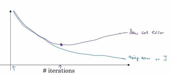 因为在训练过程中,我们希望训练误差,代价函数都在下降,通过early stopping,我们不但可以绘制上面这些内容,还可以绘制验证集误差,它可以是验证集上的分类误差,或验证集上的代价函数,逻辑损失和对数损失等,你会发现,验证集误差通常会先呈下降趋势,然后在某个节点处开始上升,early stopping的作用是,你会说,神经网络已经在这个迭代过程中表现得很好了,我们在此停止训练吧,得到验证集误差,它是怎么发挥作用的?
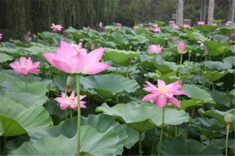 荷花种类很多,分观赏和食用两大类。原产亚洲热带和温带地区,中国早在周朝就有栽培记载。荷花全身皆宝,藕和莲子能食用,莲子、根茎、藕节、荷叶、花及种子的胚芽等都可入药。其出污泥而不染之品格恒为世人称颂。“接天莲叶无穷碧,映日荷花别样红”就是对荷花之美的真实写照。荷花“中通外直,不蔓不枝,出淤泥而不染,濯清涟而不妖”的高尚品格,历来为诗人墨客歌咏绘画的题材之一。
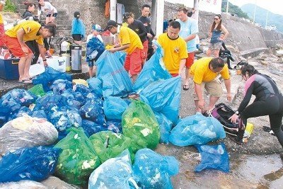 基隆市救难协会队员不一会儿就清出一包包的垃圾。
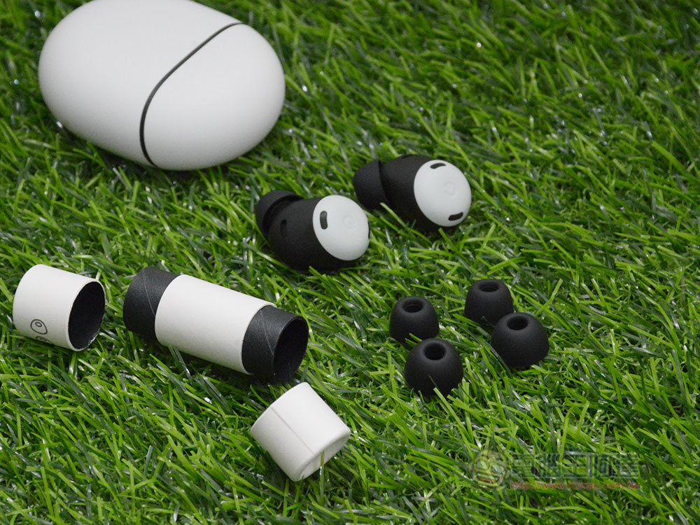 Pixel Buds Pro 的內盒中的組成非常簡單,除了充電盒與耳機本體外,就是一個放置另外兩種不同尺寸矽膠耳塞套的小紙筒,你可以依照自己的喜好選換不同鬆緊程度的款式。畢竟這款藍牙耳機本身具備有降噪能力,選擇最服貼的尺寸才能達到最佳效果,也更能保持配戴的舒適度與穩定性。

◇ ◇ ◇ ◇ ◇ ◇ ◇

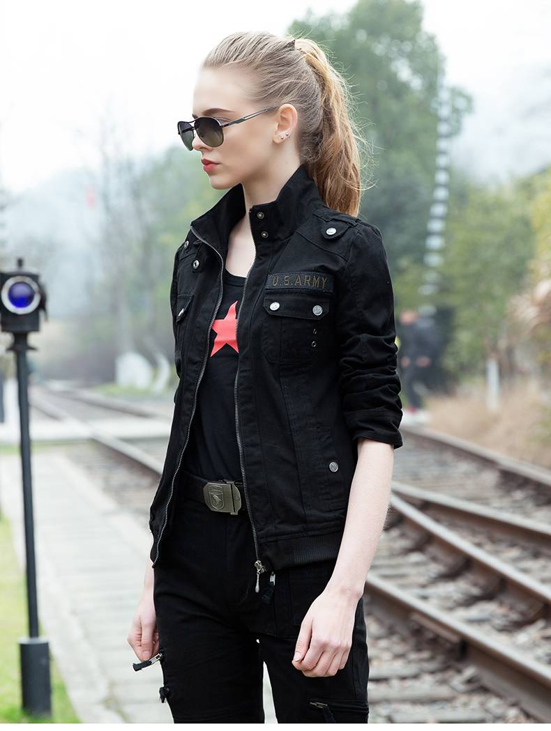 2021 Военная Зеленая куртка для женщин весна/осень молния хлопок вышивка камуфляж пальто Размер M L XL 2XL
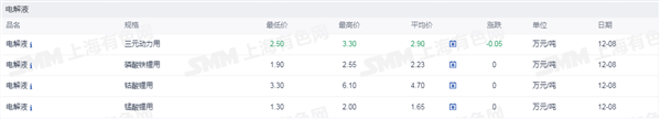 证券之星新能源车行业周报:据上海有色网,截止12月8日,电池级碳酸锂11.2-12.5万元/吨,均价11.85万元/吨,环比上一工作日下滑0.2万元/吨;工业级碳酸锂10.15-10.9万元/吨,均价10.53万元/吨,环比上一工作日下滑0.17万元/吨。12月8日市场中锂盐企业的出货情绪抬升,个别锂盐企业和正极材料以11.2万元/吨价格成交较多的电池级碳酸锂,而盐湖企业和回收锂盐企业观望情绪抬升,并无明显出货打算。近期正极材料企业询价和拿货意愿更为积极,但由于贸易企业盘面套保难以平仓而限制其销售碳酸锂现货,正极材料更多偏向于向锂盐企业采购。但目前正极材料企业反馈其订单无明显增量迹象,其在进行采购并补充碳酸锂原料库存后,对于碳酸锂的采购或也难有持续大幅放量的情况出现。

◇ ◇ ◇ ◇ ◇ ◇ ◇

**THE PROBLEM**.
Copy needed, without pictures: the lines of the listing above from the line containing "基隆市救难协会队员不一会儿就清出一包包的垃圾。" up to and including the line containing "Pixel Buds Pro", set down exactly.

**TASK ANSWER**.
 基隆市救难协会队员不一会儿就清出一包包的垃圾。
 Pixel Buds Pro 的內盒中的組成非常簡單,除了充電盒與耳機本體外,就是一個放置另外兩種不同尺寸矽膠耳塞套的小紙筒,你可以依照自己的喜好選換不同鬆緊程度的款式。畢竟這款藍牙耳機本身具備有降噪能力,選擇最服貼的尺寸才能達到最佳效果,也更能保持配戴的舒適度與穩定性。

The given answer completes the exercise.